>>>>>

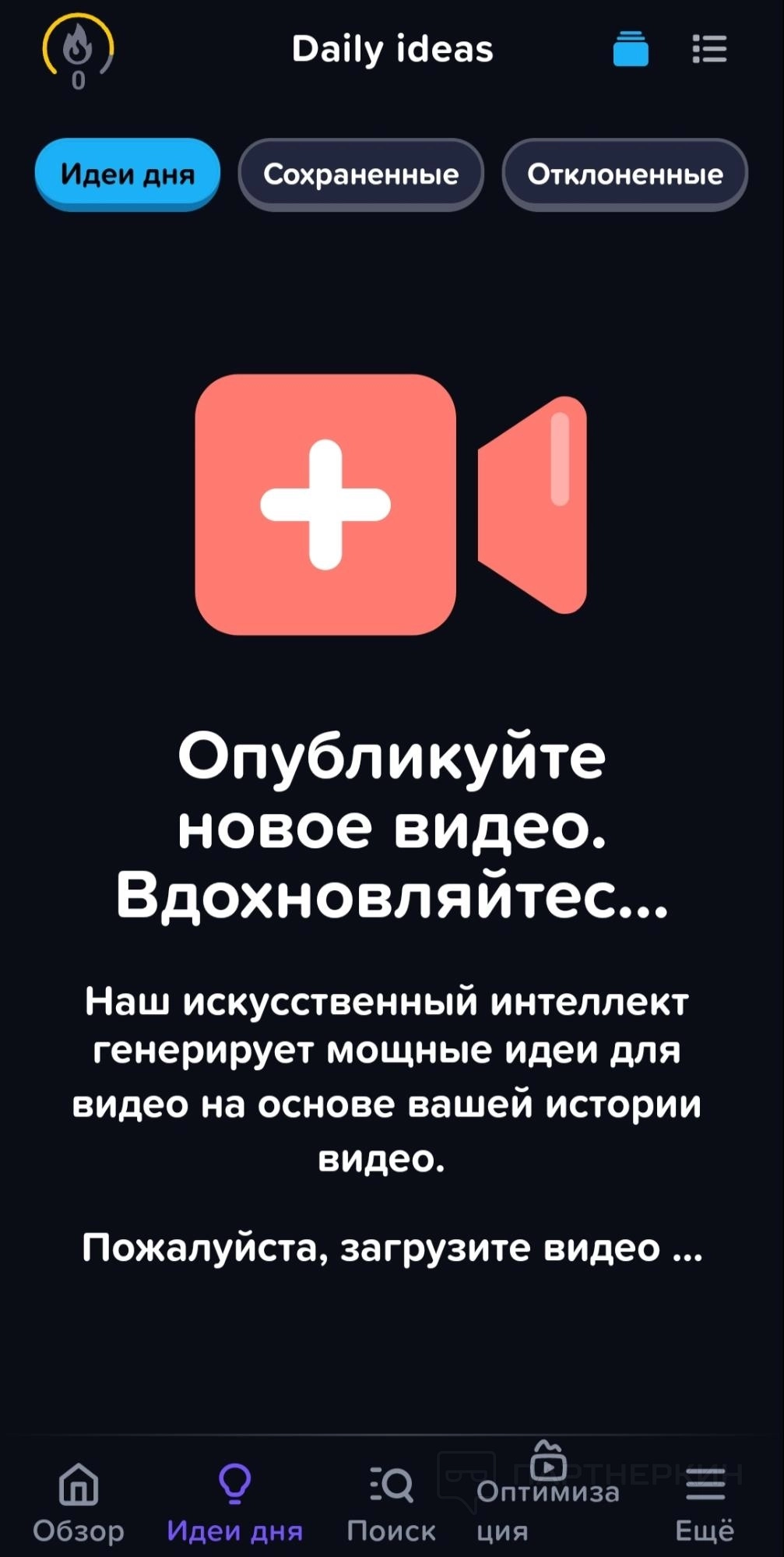 Ежедневные идеи . Первый раздел для работы, в котором пользователь может искать, сохранять или критиковать подобранные идеи для создания своих видеороликов. Использовать инструмент достаточно просто: в предоставленном списке клиент ищет подходящую идею, которую может отметить значком сердечка или крестиком, что означает сохранение и отказ соответственно. В дальнейшем, варианты можно просмотреть заново и начать снимать ролик.
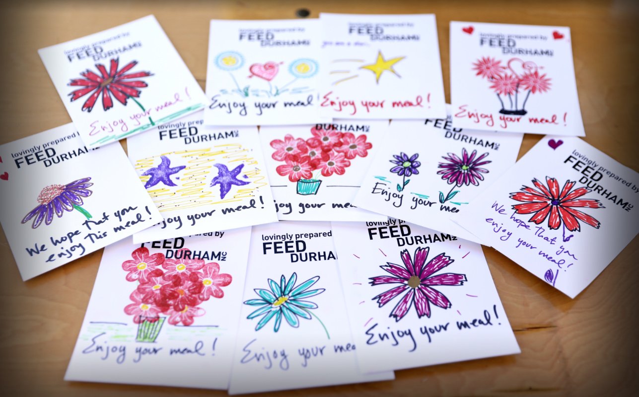 We send Love Notes with each cooked meal or grocery bag. We started this practice during the pandemic, at a time when we all felt isolated and shut off from the world. On printed card stock donated by Spee Dee Que, a local independent print house, teachers, students, and other community members craft notes for their neighbors. Gifted artists create astoundingly beautiful missives. Some messages are general; others are themed for certain holidays, including Pride.
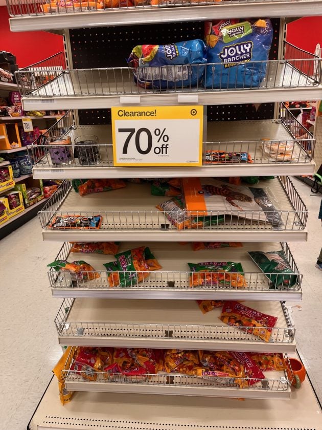I stopped by Target today to check their clearance section and they had a lot of their Halloween candy and baking items marked down 70% and then costumes and other items were marked down 90% off!
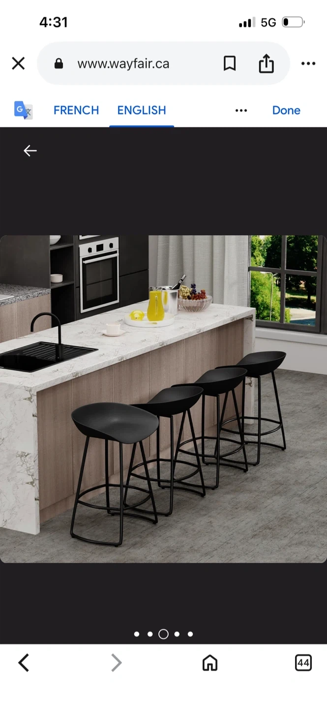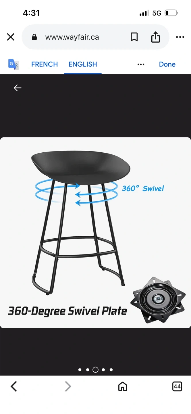 Set of four black bar stools with a 360-degree swivel. These stools have a modern design and metal frame. They're great for adding extra seating to your kitchen island or bar area. Stool seat is black.
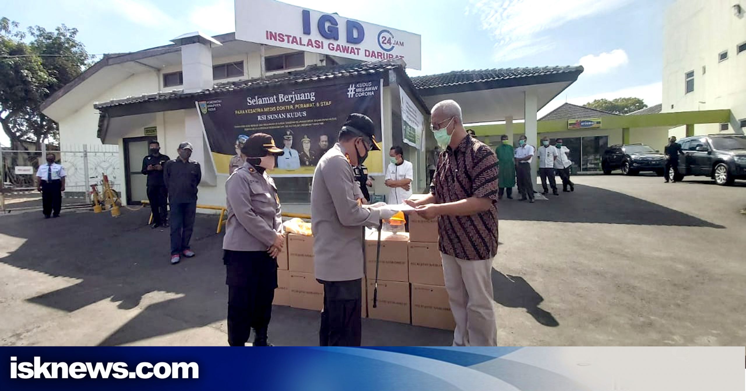 Bertempat di halaman RSI Sunan Kudus, Polres Kudus menyerahkan bantuan alat pelindung diri (APD) untuk tenaga kesehatan dirumah sakit lini ketiga penanganan covid-19 di Kudus tersebut.
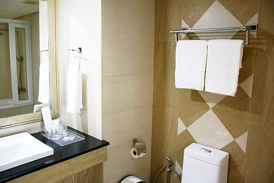 Mini suite was very large and comfortable. Beds great. Sadly it was not ideal for me as a disabled user as no walk in shower and the bath was very deep with fixed glass shower so did not make it idea to access without my carer. Free underground parking was ideal and secure.

<<<<<

### Work item
Print the part of the listing above that opens with the line containing "We send Love" and closes with the line containing "Set of four". Copy it exactly, both ends included, and omit the pictures.

### Problem solution
 We send Love Notes with each cooked meal or grocery bag. We started this practice during the pandemic, at a time when we all felt isolated and shut off from the world. On printed card stock donated by Spee Dee Que, a local independent print house, teachers, students, and other community members craft notes for their neighbors. Gifted artists create astoundingly beautiful missives. Some messages are general; others are themed for certain holidays, including Pride.
I stopped by Target today to check their clearance section and they had a lot of their Halloween candy and baking items marked down 70% and then costumes and other items were marked down 90% off!
 Set of four black bar stools with a 360-degree swivel. These stools have a modern design and metal frame. They're great for adding extra seating to your kitchen island or bar area. Stool seat is black.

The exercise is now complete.